During these years, Pierce also devoted an increasing amount of time to the writing of high school and college textbooks in history, none of which was ever published. After a manuscript on martial music written with her sister failed to interest publishers, she collaborated with David Behen on a twentieth-century American history text and with Gene Lavengood on a general history of the United States. For more than fifteen years, these projects distracted her from teaching and supervision of the History of Chicago Project without producing the additional income she had hoped they would provide.

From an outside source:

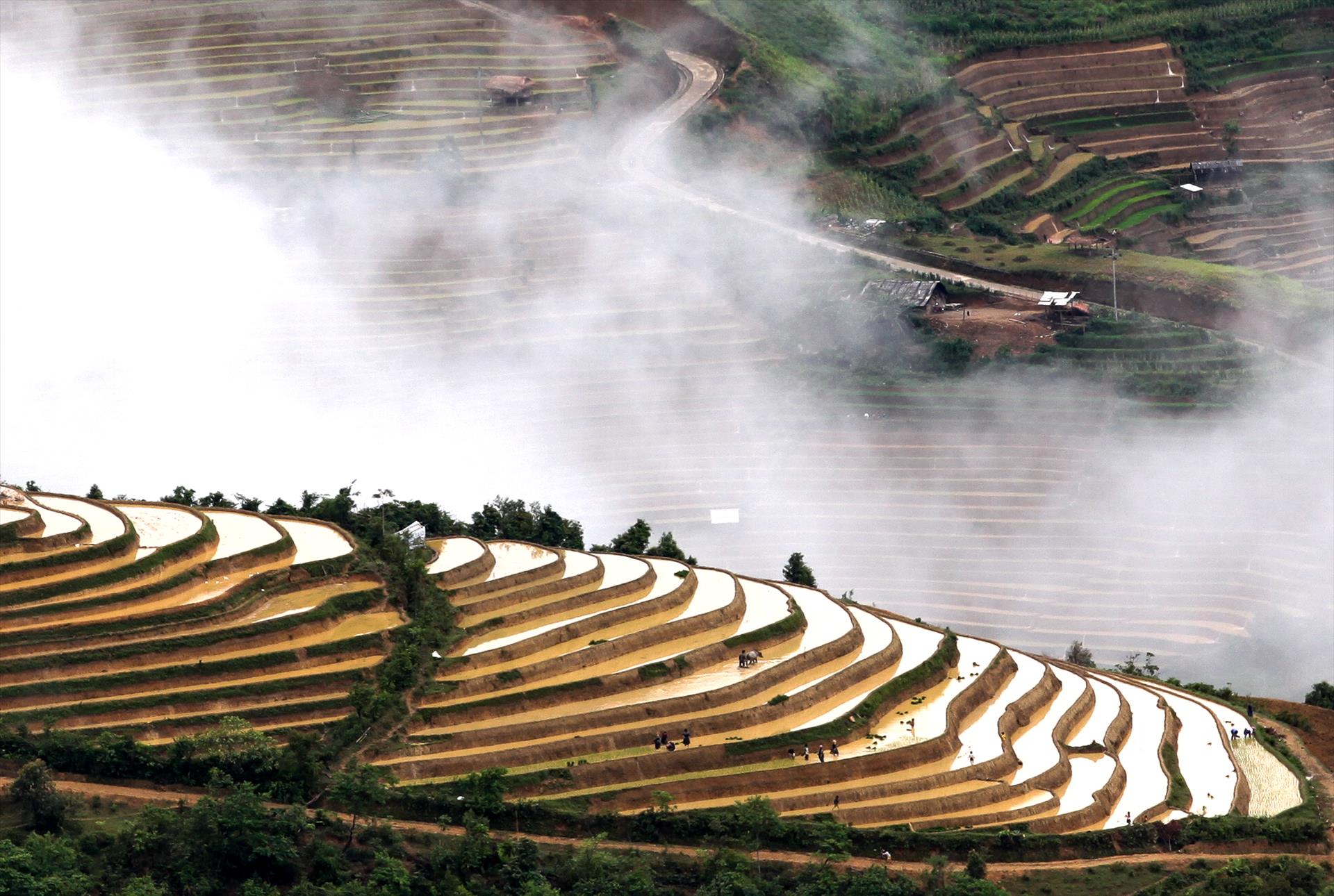 Lần đó, chúng tôi lên Mù Căng Chải đúng vào hôm mù quá hóa mưa. Mù đến nỗi, xe phải nhích từng mét trên đèo Khau Phạ bởi bị khuất tầm nhìn. Đêm ngủ trên núi, mưa trút ầm ào mà sốt ruột bởi sẽ không di chuyển đến các địa danh La Pán Tẩn, Chế Cu Nha hay thung lũng Khau Phạ để ngẳm cảnh mùa nước đổ. Nhưng, trận mưa này là niềm hân hoan đối với bà con tộc người Mông, Thái nơi đây, bởi nước mưa sẽ tràn ắp con ruộng, dễ dàng cho một mùa canh tác lúa nương mới.

In 1953, Pierce retired from the faculty and became a professor emeritus. Funds from the Social Science Research Committee, which had supported the History of Chicago Project since 1930, were now supplemented by grants from the Guggenheim Foundation, the American Association of University Women, the Field Foundation, the Chicago Community Trust, the Chicago Historical Society, and the Schermerhorn Charitable Trust. Volume III of the History was pressed to completion and published in 1957, but work on Volume IV suffered from reductions in the size of the staff, Pierces advancing age, and her practice of commuting regularly between Chicago and Iowa City in order to spend as much time as possible with her sister. Despite the consolidation of Project files in Iowa City following her permanent move there in 1972, the last volume of the History remained unfinished at her death on October 3, 1974.
From the guide to the Pierce, Bessie Louise. Papers, 1839-1974, (Special Collections Research Center University of Chicago Library 1100 East 57th Street Chicago, Illinois 60637 U.S.A.)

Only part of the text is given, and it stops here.